= Embedment =

Embedment is a phenomenon in mechanical engineering in which the surfaces between mechanical members of a loaded joint embed. It can lead to failure by fatigue as described below, and is of particular concern when considering the design of critical fastener joints.

==Mechanism==
The mechanism behind embedment is different from creep. When the loading of the joint varies (e.g. due to vibration or thermal expansion) the protruding points of the imperfect surfaces will see local stress concentrations and yield until the stress concentration is relieved. Over time, surfaces can flatten an appreciable amount in the order of thousandths of an inch.

==Consequences==
In critical fastener joints, embedment can mean loss of preload. Flattening of a surface allows the strain of a screw to relax, which in turn correlates with a loss in tension and thus preload. In bolted joints with particularly short grip lengths, the loss of preload due to embedment can be especially significant, causing complete loss of preload. Therefore, embedment can lead directly to loosening of a fastener joint and subsequent fatigue failure.

In bolted joints, most of the embedment occurs during torquing.

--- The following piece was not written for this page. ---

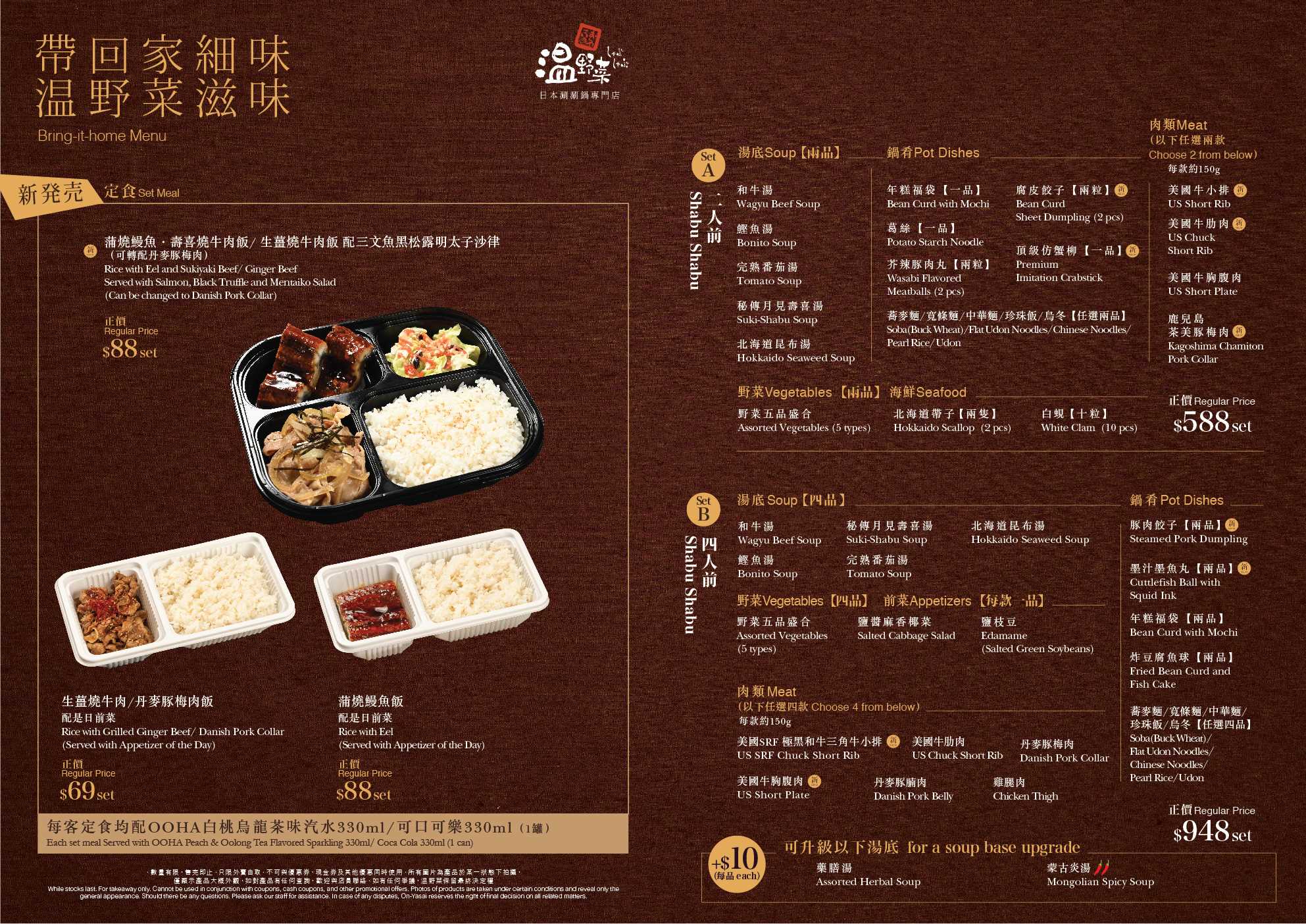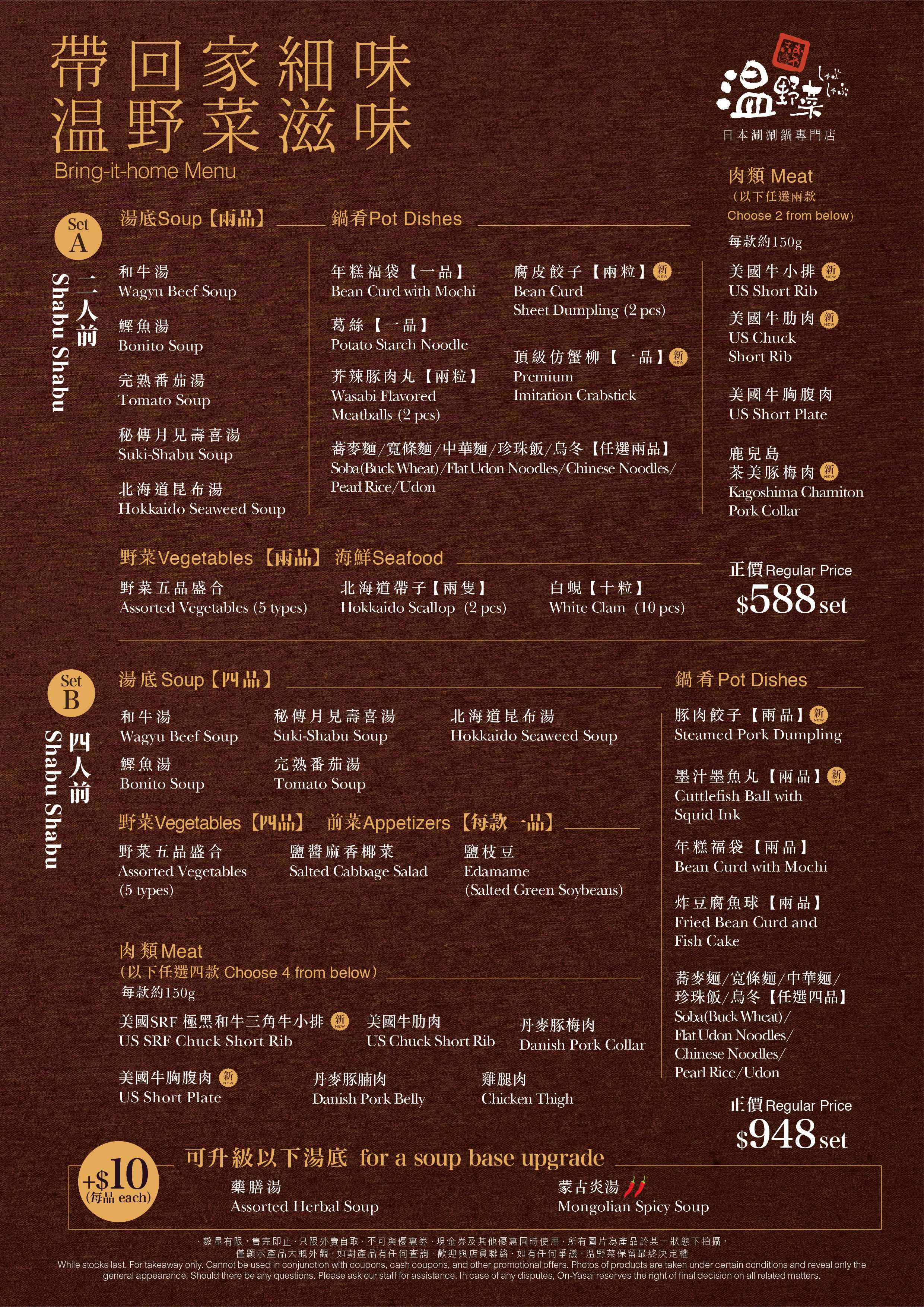 温野菜 (尖沙咀LCX、太古城、又一城店) 外賣宣傳單張:按此查閱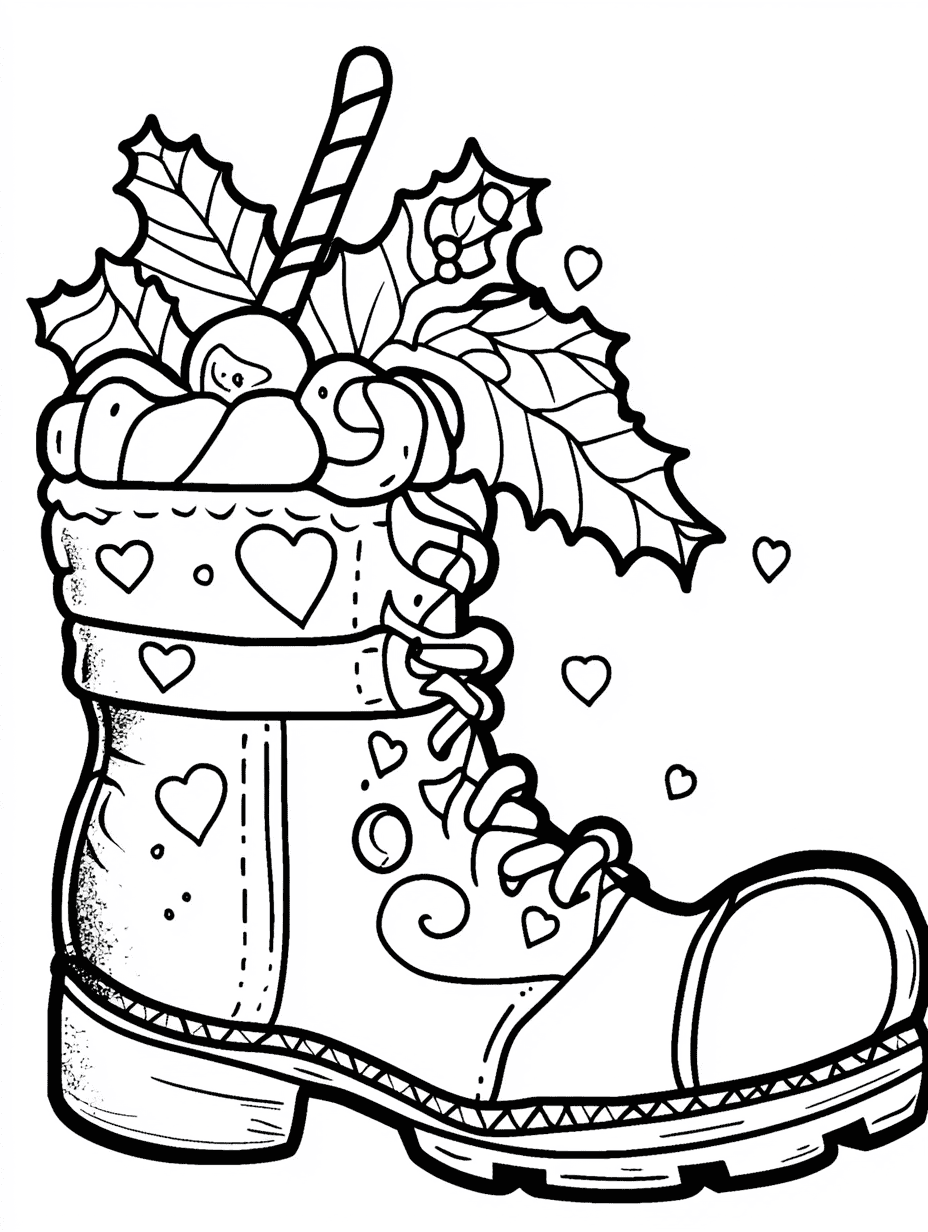 Dieses fröhliche Weihnachtsstiefel-Bild ist perfekt für kreative Kinder! Mit Herzen, Zuckerstange und Stechpalme lädt es dazu ein, in bunten Farben ausgemalt zu werden.

Only embedment that occurs after installation can cause a loss of preload, and values of up to 0.0005 inches can be seen at each surface mate, as reported by SAE.

==Prevention and solutions==
Embedment can be prevented by designing mating surfaces of a joint to have high surface hardness and very smooth surface finish. Exceptionally hard and smooth surfaces will have less susceptibility to the mechanism that causes embedment.

In most cases, some degree of embedment is inevitable. That said, short grip lengths should be avoided. For two bolted joints of identical design and installation, except the second having a longer grip length, the first joint will be more likely to loosen and fail. Since both joints have the same loading, the surfaces will experience the same amount of embedment. However, the relaxation in strain is less significant to the longer grip length and the loss in preload will be minimized. For this reason, bolted joints should always be designed with careful consideration for the grip length.

If a short grip length can not be avoided, the use of conical spring washers (Belleville washers or disc springs) can also reduce the loss of bolt pre-load due to embedment.